#### [EXERCISE DIRECTIONS]
What you return should be the full listing, copied exactly and stripped of its pictures.

#### [DATA BELOW]
_ _ _ _

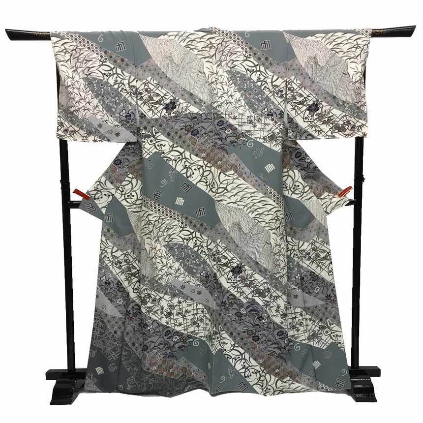 | 商品名 | 京やC042 正絹 小紋 丹後ちりめん 高級ちりめん 日本の絹マーク 笹 唐草 季節の草花 地紙文様 小紋 未使用 新品 仕立て上がり 美品 リサイクル着物 送料無料 |
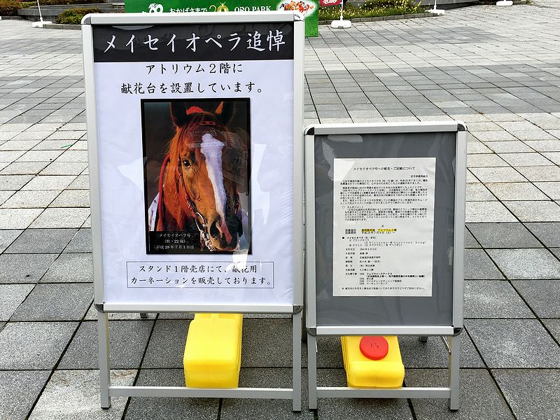 ですが福島競馬場からの帰り際、相方から「このまま盛岡に行くがよい。」(って、こんな口調ではありませんが。)とのお言葉が。実は昨晩、さる7月1日に亡くなってしまった岩手競馬を代表する名馬で個人的にも大変思い入れがあるメイセイオペラ号の献花台がこの週末から盛岡競馬場に設置されるので、それがあるうちに献花をしたいと言ったことを相方は覚えていたらしく、「どうせまた改めて行くのなら、このまま行っちゃいなYO!」(って、こんな口調じゃありませんが。)と。今回は敗戦のショックの大きさに気持ち的にすっかり諦めて、最初はそう言われても「いいよ…。」と福島西IC経由で帰るルートを相方に指示していたのですが、ここで自分の中でのやる気スイッチが入ってしまったらしく、途中のコンビニにクルマを入れて貰い、急遽宿が空いてるか調査。ここで高い宿しか空いてないようなら諦めるつもりだったのですが、幸いなことに福島からだと盛岡の手前となる北上市というところに比較的リーズナブルな宿を発見したので、そのまま行ってしまうこうとにしました!!
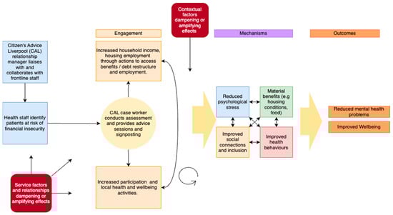 A range of small-scale studies have reported that welfare support interventions do improve financial security, with the monetary benefits being greater than the cost-of-service provision [24,25,26]. Many of these studies have reported improved mental health and reduced stress-related conditions for service users, although the quantitative impact of these mental-health- or wellbeing-related changes on the cost effectiveness of services has not been reported. Social prescribing interventions have also been linked to improvements in anxiety levels, wellbeing, and quality of life, with these changes reported to be cost-effective [27] and linked to reductions in healthcare use [22].
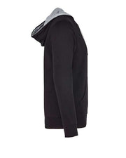- Jersey lined contrasting and matching jersey lined hood & flat drawcords

_ _ _ _

#### [EXERCISE SOLUTION]
 | 商品名 | 京やC042 正絹 小紋 丹後ちりめん 高級ちりめん 日本の絹マーク 笹 唐草 季節の草花 地紙文様 小紋 未使用 新品 仕立て上がり 美品 リサイクル着物 送料無料 |
 ですが福島競馬場からの帰り際、相方から「このまま盛岡に行くがよい。」(って、こんな口調ではありませんが。)とのお言葉が。実は昨晩、さる7月1日に亡くなってしまった岩手競馬を代表する名馬で個人的にも大変思い入れがあるメイセイオペラ号の献花台がこの週末から盛岡競馬場に設置されるので、それがあるうちに献花をしたいと言ったことを相方は覚えていたらしく、「どうせまた改めて行くのなら、このまま行っちゃいなYO!」(って、こんな口調じゃありませんが。)と。今回は敗戦のショックの大きさに気持ち的にすっかり諦めて、最初はそう言われても「いいよ…。」と福島西IC経由で帰るルートを相方に指示していたのですが、ここで自分の中でのやる気スイッチが入ってしまったらしく、途中のコンビニにクルマを入れて貰い、急遽宿が空いてるか調査。ここで高い宿しか空いてないようなら諦めるつもりだったのですが、幸いなことに福島からだと盛岡の手前となる北上市というところに比較的リーズナブルな宿を発見したので、そのまま行ってしまうこうとにしました!!
 A range of small-scale studies have reported that welfare support interventions do improve financial security, with the monetary benefits being greater than the cost-of-service provision [24,25,26]. Many of these studies have reported improved mental health and reduced stress-related conditions for service users, although the quantitative impact of these mental-health- or wellbeing-related changes on the cost effectiveness of services has not been reported. Social prescribing interventions have also been linked to improvements in anxiety levels, wellbeing, and quality of life, with these changes reported to be cost-effective [27] and linked to reductions in healthcare use [22].
- Jersey lined contrasting and matching jersey lined hood & flat drawcords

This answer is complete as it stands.